Elegant Use of Global Class Token: Compresses the sequence length from spatial tokens (e.g., 256) to just $M$ (typically 4-8). This not only accelerates inference (quadratic reduction in time complexity) but also inherently encodes high-level semantics.
Graceful Constraint via Prefix Tree: Cleverly formulates validity verification as path constraints on a tree structure, avoiding the generation of invalid identifiers during beam search.
Conceptual Simplicity: All components are standard Transformers, directly enabling scaling using established mature technologies.

Limitations & Future Work¶

Autoregressive Inference Speed: Although sequences are remarkably short, the inherent sequential nature of autoregressive generation remains an efficiency bottleneck.
Training Data Construction: Requires pre-mining of nearest neighbor image pairs as training data, relying on existing retrieval pipelines.
Codebook Size vs.
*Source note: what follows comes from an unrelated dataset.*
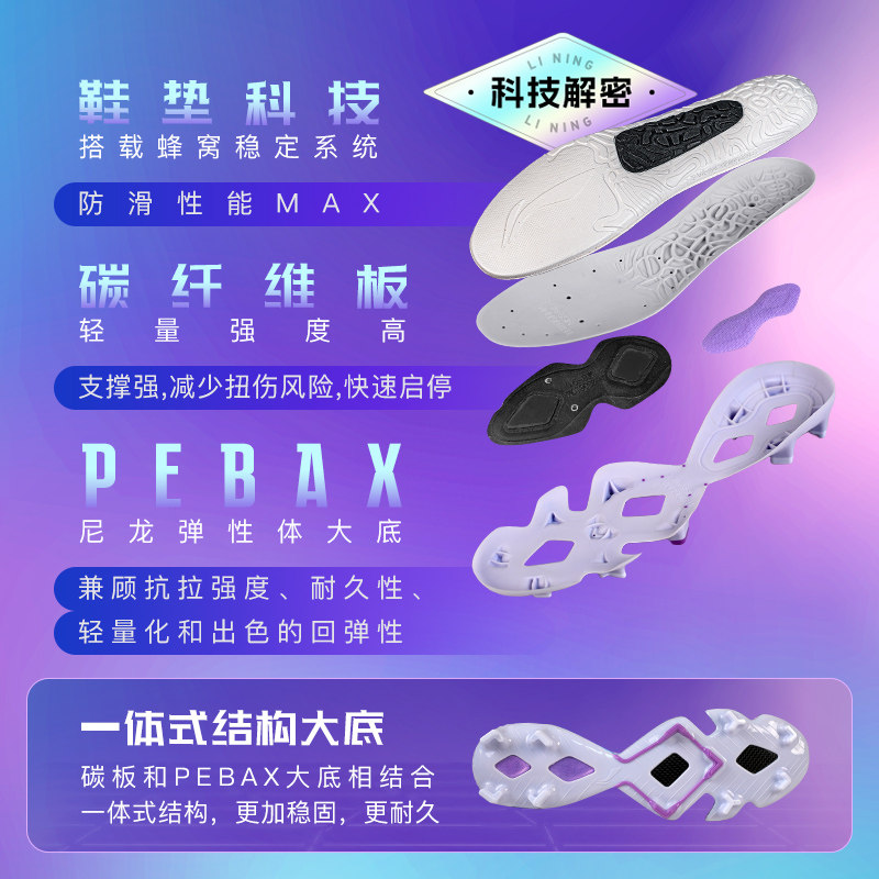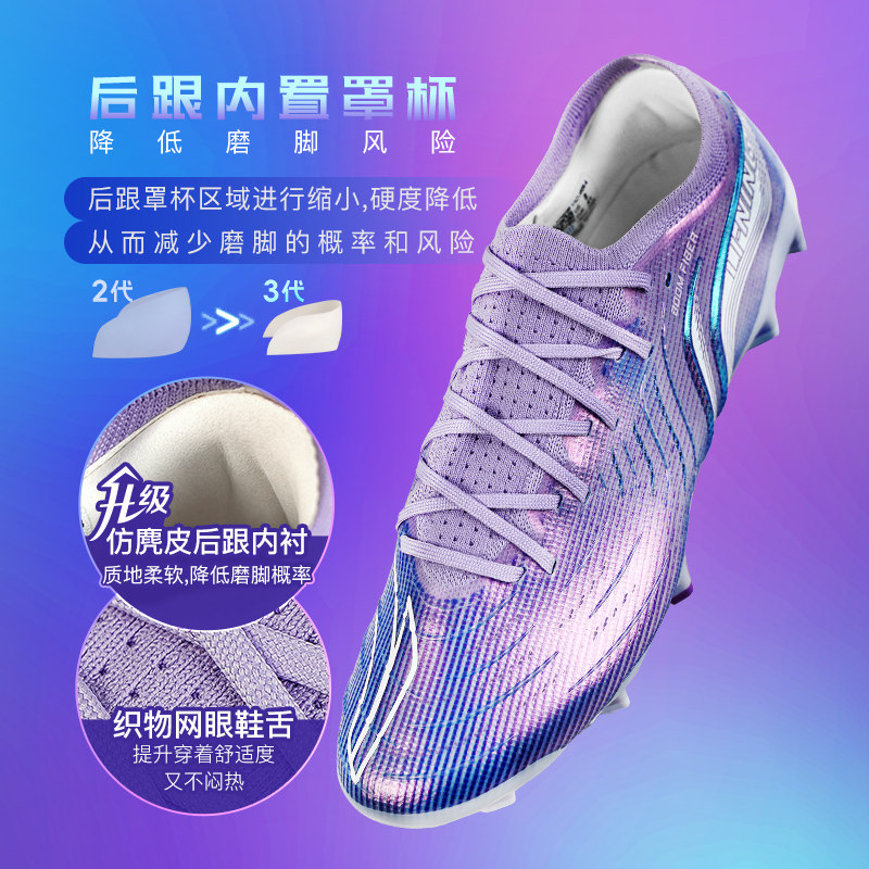 李宁疾影3高端FG长钉足球鞋,专为追求速度与爆发力的成人球员打造。鞋面采用轻质䨻丝覆膜科技,兼具柔韧性与支撑性,贴合脚型,提升触球精准度。内置全掌碳板,提供强劲推进力与抗扭转性能,助力疾速突破。FG长钉配置适配天然草场,抓地力出众,急停变向更稳定。整体设计融合轻量化结构与专业竞技需求,兼顾舒适与性能。无论是高强度对抗还是快速突破,疾影3都能为球员提供卓越支持,是专业级足球运动的高端之选。

Expressive Power Trade-off: The choice of $L$ and $M$ directly impacts the uniqueness and discriminative capability of identifiers.
Dynamic Database Updates: Adding or removing images in the database requires updating the prefix tree and potentially retraining components.
Future work can explore extending this framework to cross-modal retrieval (Text-to-Image) and unified multi-modal retrieval.

DSI / NCI: Generative document retrieval methods that utilize hierarchical K-means for document identifiers; IRGen demonstrates that semantic-supervised identifiers are far more effective.
RQ-VAE: Residual quantization targeted for image generation; IRGen shifts it from a reconstruction objective to classification, adapting it for retrieval.
JPQ / DPQ: Jointly learn embeddings and compression, but still rely on linear scan; IRGen achieves true non-exhaustive end-to-end retrieval via beam search.
GPT: Autoregressive language architecture; IRGen's decoder directly inherits this universal structure.
Insight: The potential of generative modeling as a unified framework is far from fully exploited; image retrieval is only the beginning.

Rating¶

Novelty: ★★★★★ — Redefines image retrieval as a generative task, representing a paradigm-level innovation.
Experimental Thoroughness: ★★★★★ — Three standard benchmarks + two million-scale datasets + extensive ablations + comparisons across various search strategies.
Writing Quality: ★★★★★ — Clear problem motivation, systematic description of method, and rigorous experimental structure.
Value: ★★★★☆ — Strong conceptual breakthrough, but autoregressive inference speed and dynamic database updates pose practical engineering challenges.